This article is solely my personal opinion, and does not represent my employer’s position.
What are AI Agents? It seems like every software company in the world is now describing their software as an agent. There’s a long tradition of attaching each new technology buzzword to a company’s software, with or without making any changes to it whatsoever. “Agent” seems to primarily be the replacement for “AI”, “Big Data,” “Analytics,” or “Responsive.”

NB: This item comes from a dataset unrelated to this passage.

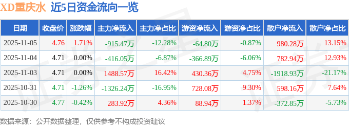 证券之星消息,截至2025年11月5日收盘,XD重庆水(601158)报收于4.76元,上涨1.71%,换手率0.33%,成交量15.77万手,成交额7455.62万元。

But AI Agents are a real technology. Even if most are not, some products are being genuine when they use the term. This article lays out the functionalities and capabilities that make up AI Agents – and introduces a complexity hierarchy so that you can evaluate yourself software that claims to be agentic.
“Agent” Defined
The most accurate (and least precise) definition of an AI Agent is software that has agency to act on your behalf. That is, it can “decide” what to do. This comes from the real world: when you hire a real estate or talent agent, they do the work to execute your will. I don’t think this definition is helpful, because my furnace can “decide” to shut off the heater because it is warm enough, and the computer from WarGames can “decide” to start thermonuclear war. Most definitions, including Wikipedia’s, cover this entire gamut. Let’s be more precise.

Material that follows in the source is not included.